Hvitserk didn't trust the prisoner. The priest had betrayed him once before, when he had left he and Ubbe bruised and bloodied before sending them back to Ivar as a message that there would be no peace between their peoples. It was a move that had precipitated the rift in their family, and even if he chose to believe that it had been fate, Hvitserk couldn't help but hold the priest responsible.

Holding onto the table for leverage, Ivar leaned forward, grabbed one leg with his free hand, and hoisted it up onto the bench with his foot pointing toward Hvitserk. He began to unfasten the buckles on the leather straps that held the brace in place. "Problem, Hvitserk?" he asked.

"Uh…" Hvitserk picked up his cup of ale and downed it in a single gulp. "What?"

"You looked as though you had something to say," Ivar told him. His voice was calm and measured. He looked Hvitserk in the eye as practised fingers continued to work on the straps. "Why don't you just say it instead of grinding your teeth and glaring at me?"

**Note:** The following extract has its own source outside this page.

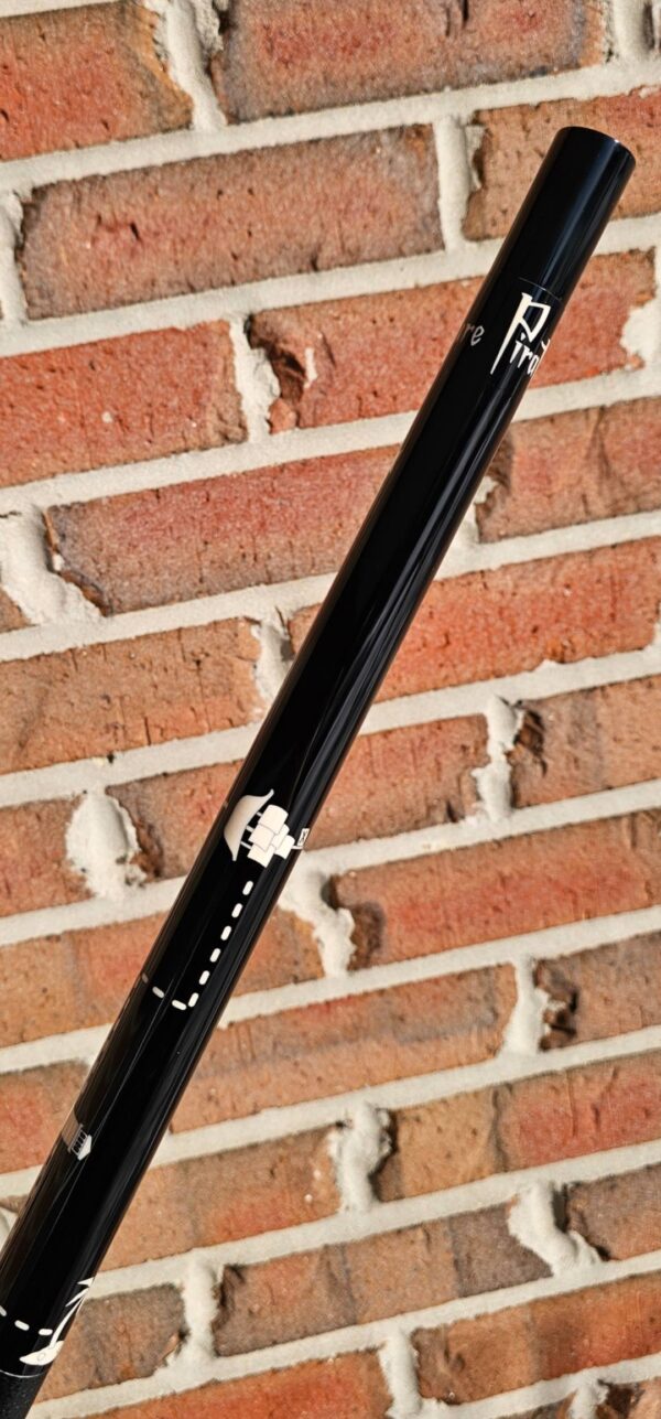 - The cue is made of ebony and ivory with a silver logo. We made all the designs in the cue with inlays rather than scrimshaw or engraving. We wanted it to play as good as it looks, so it has a straight grain maple core and ail our normal internal construction. The cue finishes out at 19 1/4 oz., and comes with 2-13mm shafts with ivory ferrules and custom joint protectors.
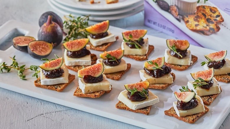 These crackers are a charcuterie board classic that look fancy with the bits of olives and figs inside each piece. This combo gives them a gentle sweet and salty flavor. Pairing two of cheese tastings' finest partners (figs and olives, of course) in a cracker is absolutely genius — you don't need any other ingredients to bring out all the key flavors of your cheeses, dips, and spreads.

Hvitserk tapped the back of a fingernail on the side of his empty cup, and considered the request. "Okay," he said. "I will. He's dangerous, and you shouldn't trust him."

Ivar's fingers stilled on the final buckle of his brace, and his brows knotted into an exaggerated parody of a frown. A hint of an amused smile played on his lips. "Who are you talking about?"

Hvitserk scowled, not in the mood to play games. "You know exactly who I'm talking about."

"No…" Ivar shook his head thoughtfully as his frown deepened. "No, I do not believe that I do. After all, I know a great many dangerous people." He paused, then smiled somewhat pointedly. "I am a dangerous person myself."

"I was talking about the Christian, Ivar." Hvitserk told him. "As you well know."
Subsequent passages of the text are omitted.